On my way through life I find beauty in the strangest of places and vistas. Not so with Mr. Scruton, who says: “I think we are losing beauty and with it there is the danger of losing the meaning of life.”
– we are living through the ‘uglification’ of our world – the randomization of our cities, the pornification of sexual love, the spoliation of the natural world, and the pollution of everything by consumerism and appetite.
British philosopher, writer, and composer
I’m not especially pro pornification, spoliation or pollution, but this doesn’t mean that there cannot be incredible beauty to be found in the uglier sides of the world. Beauty can be found – everywhere, even in … ugliness?!
Dam #6, Three Gorges Dam Project, Yangtze River, 2005 © Edward Burtynsky
To me this picture of ugliness is incredible beautiful.

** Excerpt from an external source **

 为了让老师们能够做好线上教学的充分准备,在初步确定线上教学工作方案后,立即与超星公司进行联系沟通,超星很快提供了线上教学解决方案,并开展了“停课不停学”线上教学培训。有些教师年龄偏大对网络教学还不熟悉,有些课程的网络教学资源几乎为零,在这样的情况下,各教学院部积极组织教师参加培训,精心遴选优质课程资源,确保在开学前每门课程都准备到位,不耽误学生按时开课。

Maybe we have to sharpen our focus, and try to draw nearer to the really impossible question:
What exactly is beauty?
For Scruton, beauty is not in the eye of the beholder, it is an objective truth: In the 20th century, he says, beauty stopped being important, art increasingly aimed to disturb and break moral taboos, it was not beauty but originality however achieved. Are we happy with the direction art is taking? Away from seeking “higher virtues” such as beauty and craftmanship, and instead, towards novelty for novelty’s sake, provoking emotional response under the guise of socio-political discourse?
Through the pursuit of beauty, suggests Scruton, we shape the world as our own and come to understand our nature as spiritual beings. But art has turned its back on beauty and now we are surrounded by ugliness.

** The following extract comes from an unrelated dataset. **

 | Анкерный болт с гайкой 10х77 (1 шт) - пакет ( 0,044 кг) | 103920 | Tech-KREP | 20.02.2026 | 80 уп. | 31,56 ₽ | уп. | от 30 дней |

A problem for me, with Scruton’s argumentation, is that he ends up defining art as something very close to decorum – and we end up with beauty being just another form of etiquette, actually, as I see it, not very spiritual nor true (two important notions of beauty in a classical view). To me Scruton’s ideal sounds like a historical museum, nice to visit, but not made for life.

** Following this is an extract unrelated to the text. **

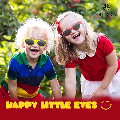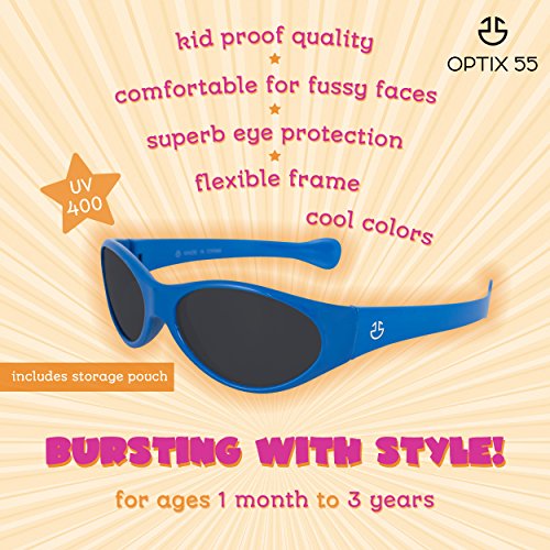Product Description PROTECT YOUR BABY'S PRECIOUS EYESIGHT At the beach or on the go, even when it's overcast, the sun's rays are always beating down on us. But those sunny rays that feel so great on our skin can be damaging, especially to your baby's sensitive eyes. Protect their eyes in style with these adorable sunglasses from Optix 55 which are designed specifically to fit babies and toddlers aged 1 month to 3 years. About This Product: ? 100% UV Protection ? Smoked Lenses ? Neutralizes Glare So Objects Appear Clearer Brighter ? Baby Sees Clearly To Avoid Accidents ? Assorted Colors ? Designed to Fit Babies Toddlers Ages 1 Month-3 Years ? Durable Design For Long-lasting Performance ? Perfect For High Impact Activities ? Matching Pouch Included STYLISH SMOKED SUNNIES FOR SAFER PLAYTIME Our smoked lenses provide UV Protection and reduce glare, so your child sees objects and the world around them more brightly and clearly, to avoid accidents and prevent eye strain. Your baby will enjoy hours in the sun with you while their delicate eyes are protected from harmful UV rays. You can have peace of mind knowing your baby is having fun in the sun safely and comfortably. SUPERIOR QUALITY SELECTION Optix 55 brings you the best in fashionable, functional infant eyewear with these sunglasses that will have your little one stepping out in style with full protection from damaging sun rays. These sunglasses are perfect for protecting your child's delicate eyes when out for a day at the beach, the pool and any other outdoor excursions. Because your babies eyes are particularly delicate they need protection from the sun even on days that aren't extremely sunny making this a worthwhile investment that you can use year round. With so many styles and colors to choose from, Optix 55's Sunglasses for Babies are the obvious choice to keep your baby's eyes protected with flair! 0

Ah! The complexity of things –
There might actually be a kind of spirituality in Burtynsky’s images of destruction, pollution and spoliation, a beauty as beautiful as the sensual beauty of say … Venus?
You’re not quoting him there, and you don’t give any references, but I thought you might find An Intelligent Person’s Guide To Modern Culture a useful read for getting the fullness of his argumentation.
Far from an definition of art as etiquette, he refers to it as something rooted in religious sentiment, and by this, he doesn’t mean organised religion/s, but rather the foundation of community through abstract values that elevate us from the mundanities of everyday life. One of his main complaints about contemporary culture is that it commodofies the banal and everyday. Porno is one example of this. Eroticism, he claims, is something that requires imagination, and that this act in turn requires that we look upon a desired other as a whole person. Porn, like prostitution, by contrast, depersonalises, turns the other into a saleable object whose personhood is made irrelevant.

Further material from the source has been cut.